(306f) Machine Learning Enhancements to Transient Kinetic Models
AIChE Annual Meeting
2024
2024 AIChE Annual Meeting
Catalysis and Reaction Engineering Division
Data Science and ML Approaches to Catalysis II: Surrogates, Bayesian Optimization, Microkinetics
Tuesday, October 29, 2024 - 2:00pm to 2:18pm
This study focuses on the development of an innovative transient hybrid kinetic model with the capability to accurately simulate and predict responses of heterogeneously catalyzed reactions to sudden changes in operating conditions, such as partial pressure. Our approach merges the interpretability of transient kinetic models for studying heterogeneous catalytic reactions with the precision and flexibility of data-driven models. The presented approach employs sensitivity-based hybrid modeling with deep neural networks [1]. Here, learning is conducted on critical parameters identified through sensitivity analysis within the kinetic model. The resulting hybrid model showcases superior accuracy and robustness compared to conventional kinetic models. This integration aims to provide a more accurate representation of systems that traverse multiple kinetic regimes with varying surface coverages.
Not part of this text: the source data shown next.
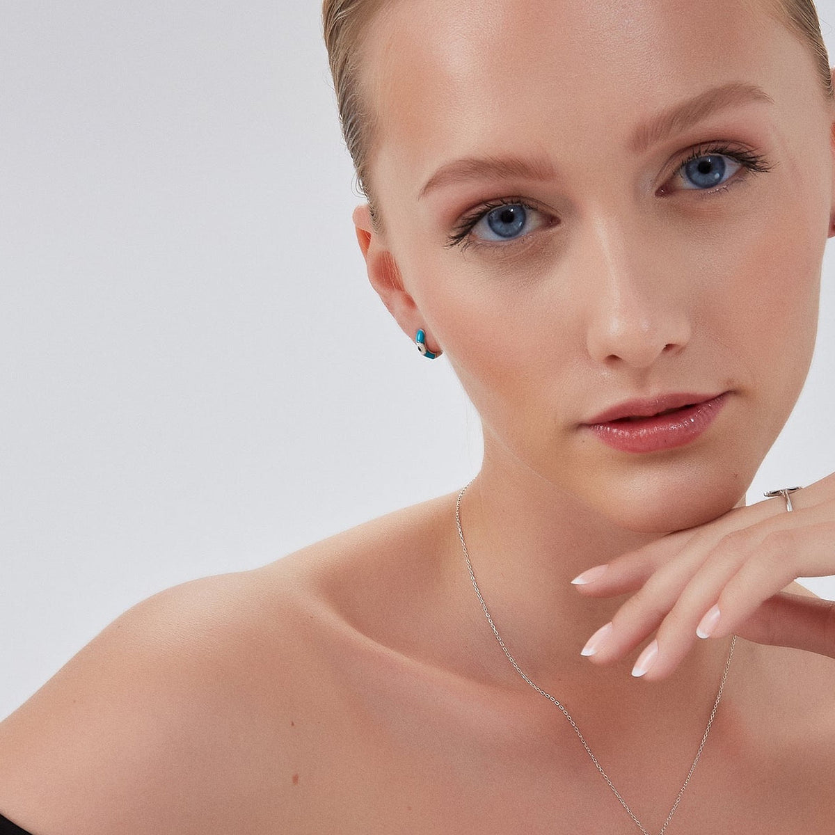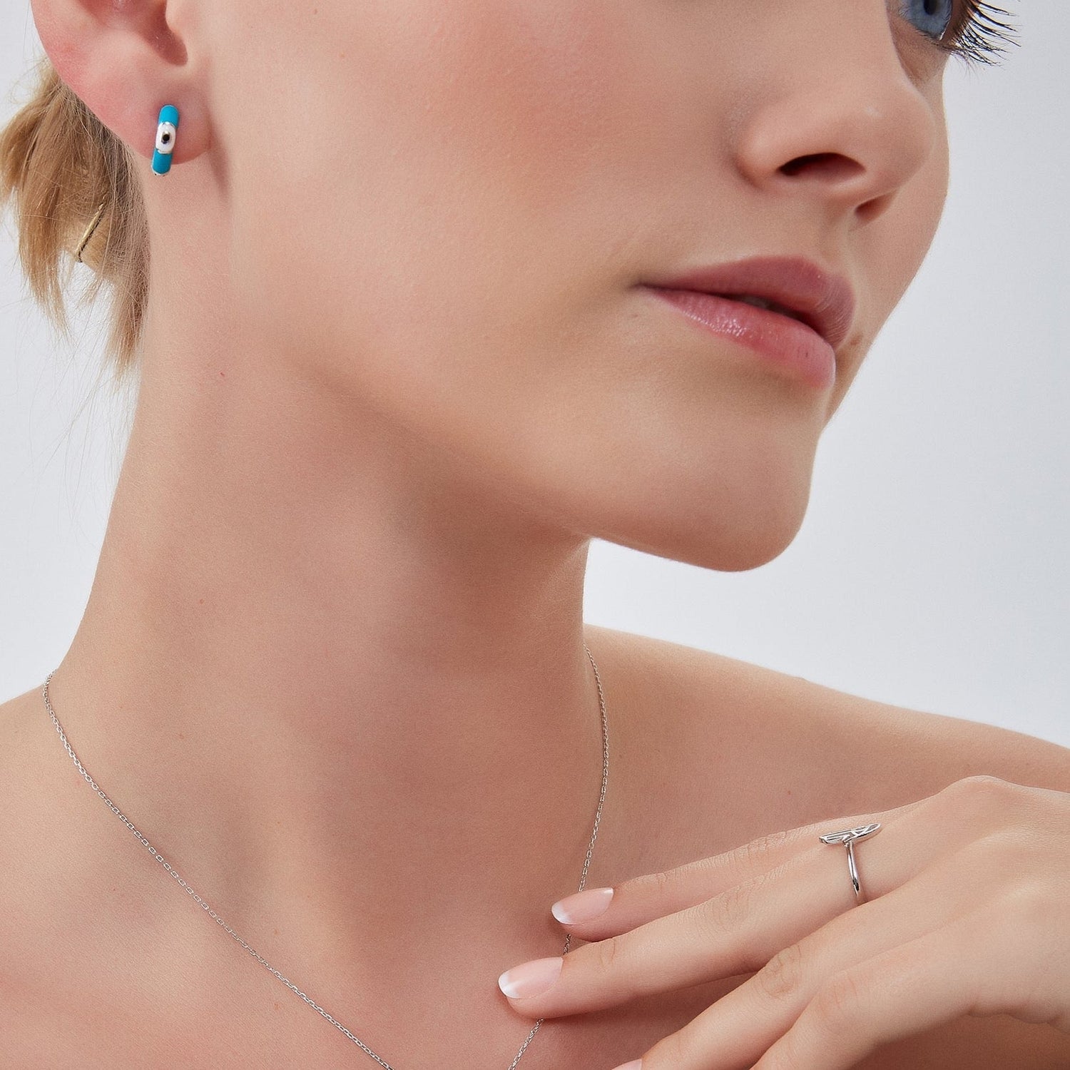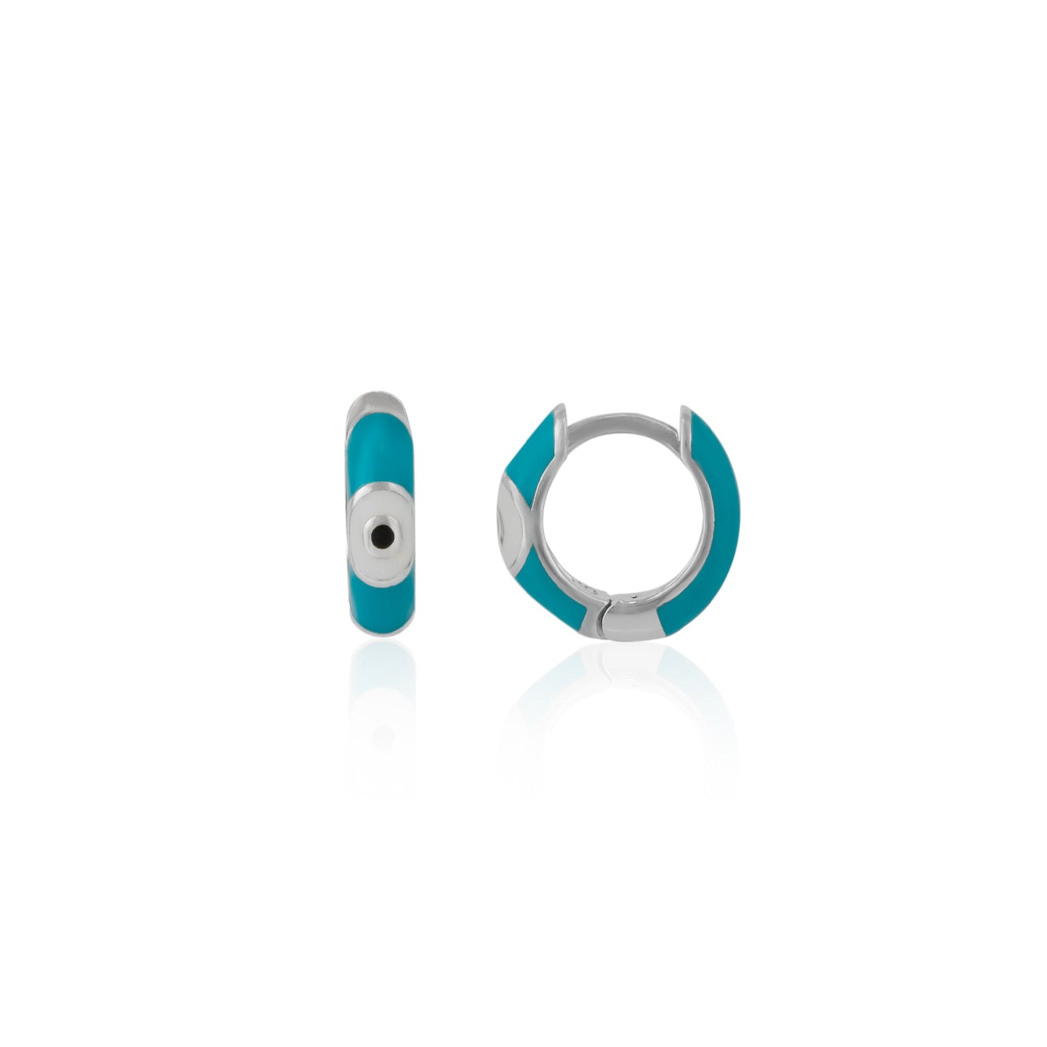 Turquoise Enamelled Jewelled Eye Sterling Silver Huggie Hoop Earring
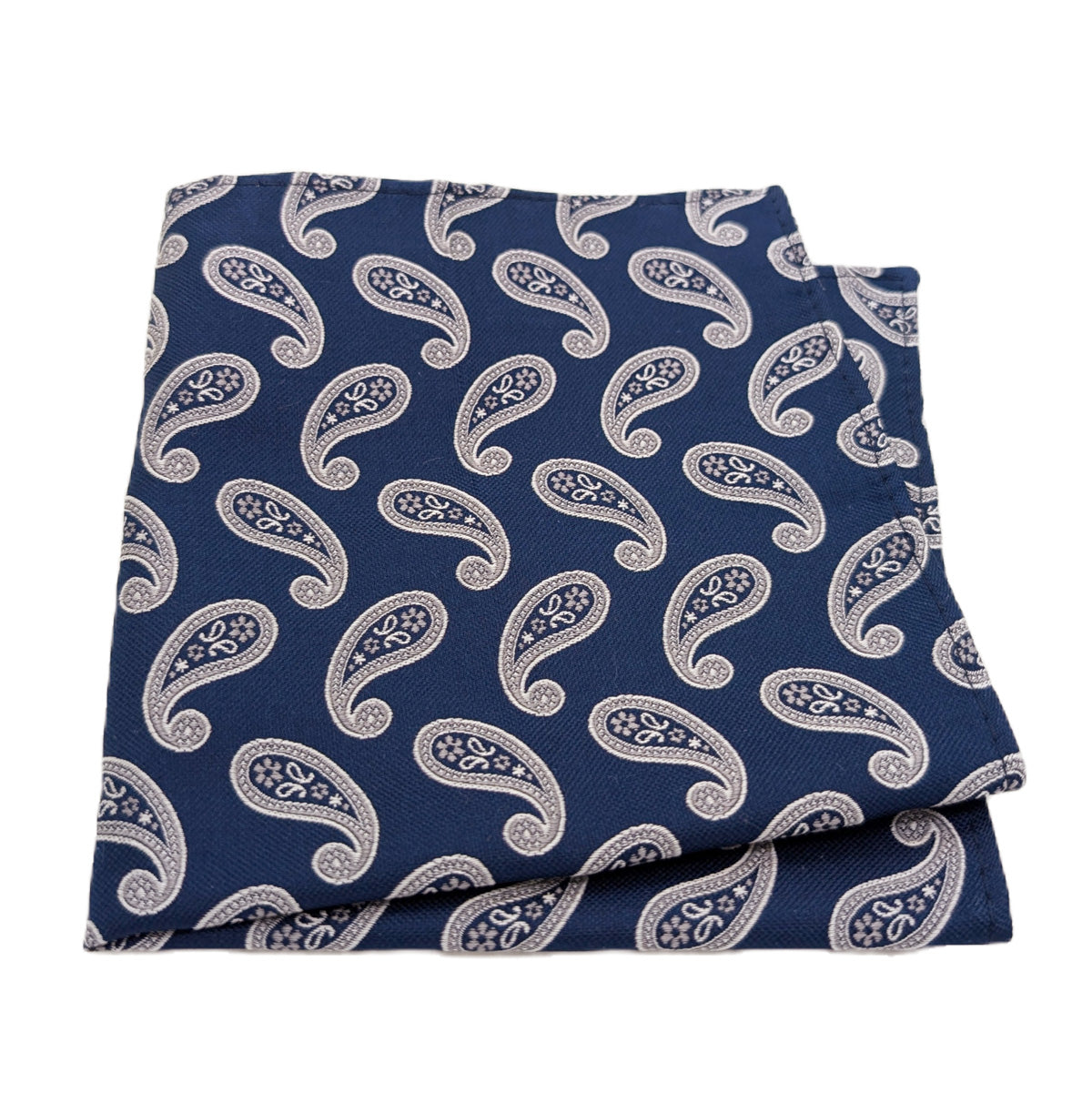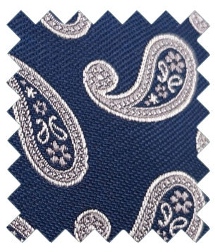 Fabric swatch for the Navy & Silver Paisley Silk wedding tie, for checking colour and fabric texture.
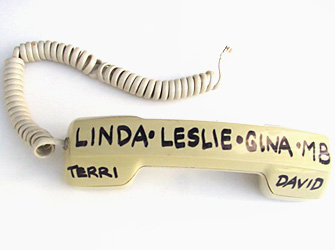 When my dear partner, Liz Vayhinger, was going through her cancer treatment, and later during her process of dying, the telephone was my lifeline to my friends. On this telephone handset I have written the names of people I especially turned to and relied on for support and connection: Linda, Leslie, Gina, MB, Terri, David, and Loretta.
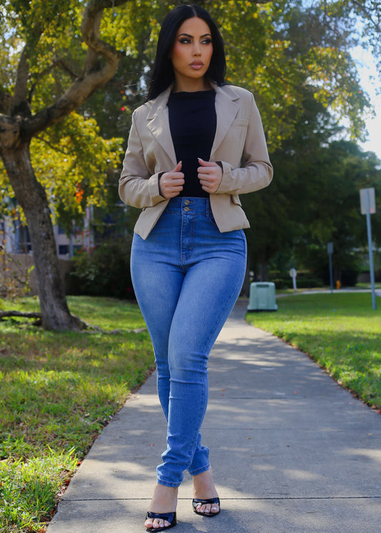 Super High Waist 1 Button Light Wash Skinny Jeans
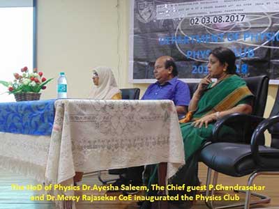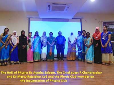The inauguration of the Physics Club for the academic year 2017-2018 was held on 2nd August 2017. The Chief guest Mr.P. Chandrasekar, Director-Finance-Associated with Piolax India Private limited delivered a special lecture on the topic “INTRODUCTION TO INTERPERSONAL SKILLS AND CAREER OPPORTUNITIESâ€. The office bearers of the Physics Club for the year 2017-2018 were presented with their badges. The Physics Club activity was held on 3rd August, 2017. Events like word scramble, memory capsule, pot pourri were conducted and prizes were awarded to the winners. The Valedictory function of Physics Club was held on 19th February 2018. The Chief guest for the function was Dr.Philominraj, former HOD of Physics, MCC, Chennai. The Chief Guest delivered an informative lecture on the working of nuclear reactor and on the concept of neutrino physics. The annual report of the Physics club for the year 2017-2018 was presented by the Club President Ms.Samreen Fathima.
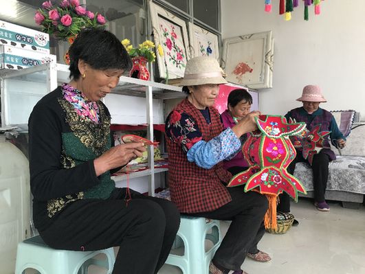 在青海省海西蒙古族藏族自治州烏蘭縣銅普鎮都蘭河村,村民在制作手工藝品。記者 鄧萬里 攝
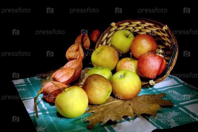 Яблоки в корзине на темном фоне
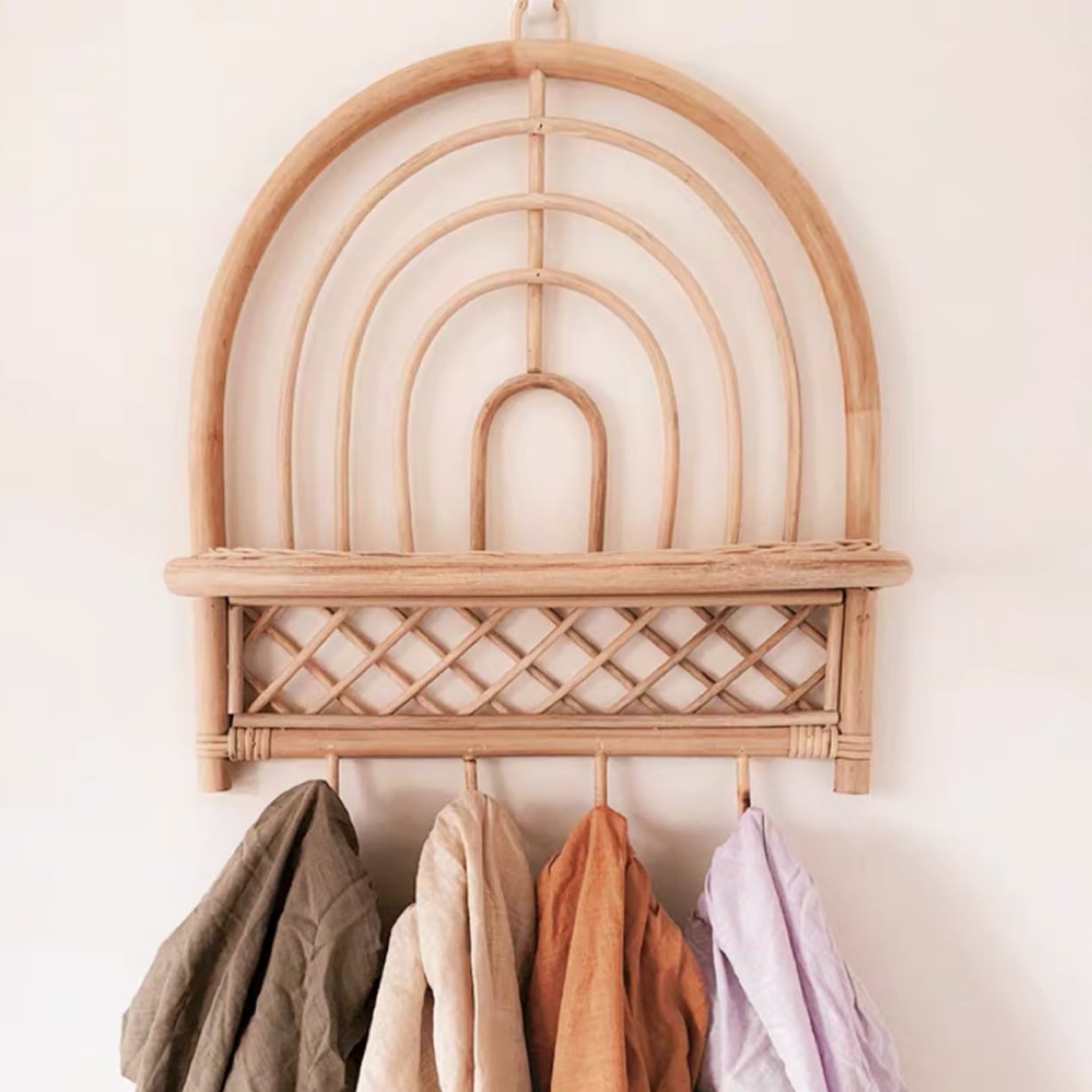 ラタン レインボー 壁掛け ウォールシェルフ ウォールラック 籐 韓国インテリア 虹 ラタンラック
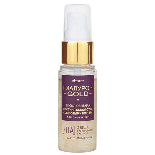 Описание товара Витекс Гиалурон GOLD Лифтинг-сыворотка для лица и шеи с золотыми нитями 30мл
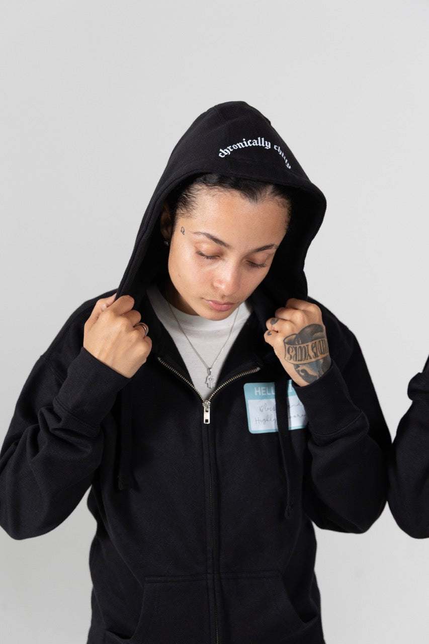 Wrap yourself in faith, comfort, and effortless style with the Blessed and Highly Favored Zip Hoodie from Poppy + Monarch. This zip‑up hoodie keeps things easy and casual yet intentional, with clean lines and a subtle leather logo patch on the left chest to elevate the look. The front features the iconic “Hello, I’m Blessed and Highly Favored” name tag, while the back showcases the powerful declaration: “Drippin in Favor From My Designer”
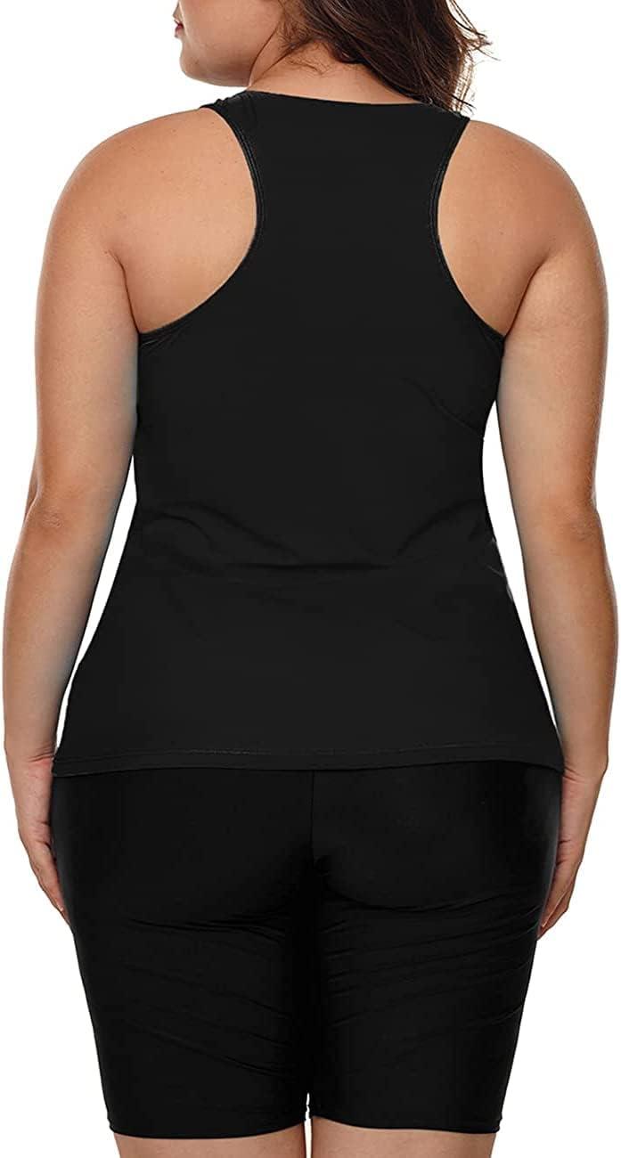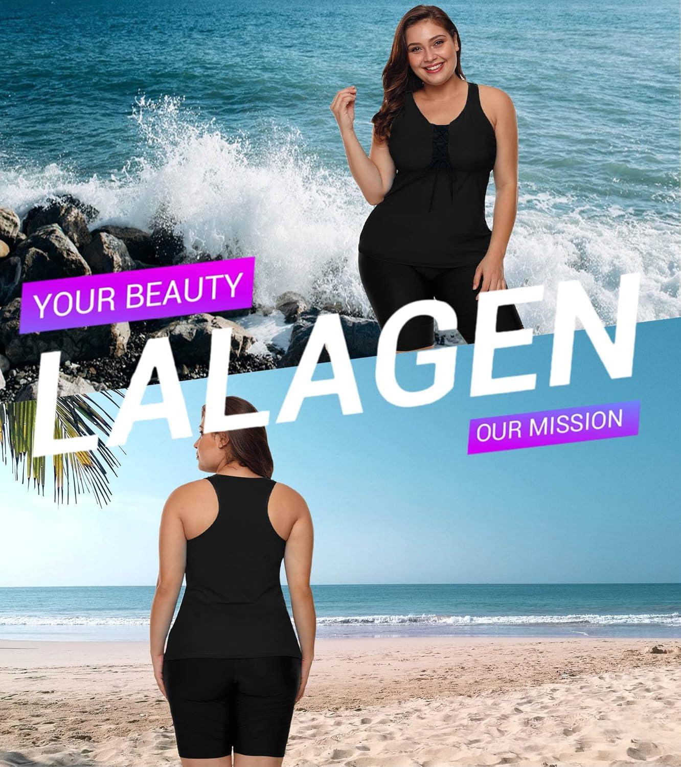 LALAGEN Womens 2025 Plus Size Tankini Swimsuits Rash Guard Capris Athletic Two Piece Swimwear Bathing Suits for Women S-5X(Solid Black)

Benefits of the hybrid transient kinetic model are demonstrated for selective propylene oxidation over an industrial mixed metal oxide catalyst under lean/rich cyclic feed compositions. By combining the strengths of both physical and machine-learned approaches, the intricacies of heterogeneous catalyzed reactions in dynamic conditions are better captured and allow for further optimization of the oscillating feed conditions.
References:
[1] Shah, P., Sheriff, M. Z., Bangi, M. S., Kravaris, C., Kwon, J. S.-I., Botre, C., & Hirota, J. (2022). Deep Neural Network-based hybrid modeling and experimental validation for an industry-scale fermentation process: Identification of time-varying dependencies among parameters. Chemical Engineering Journal, 441, 135643.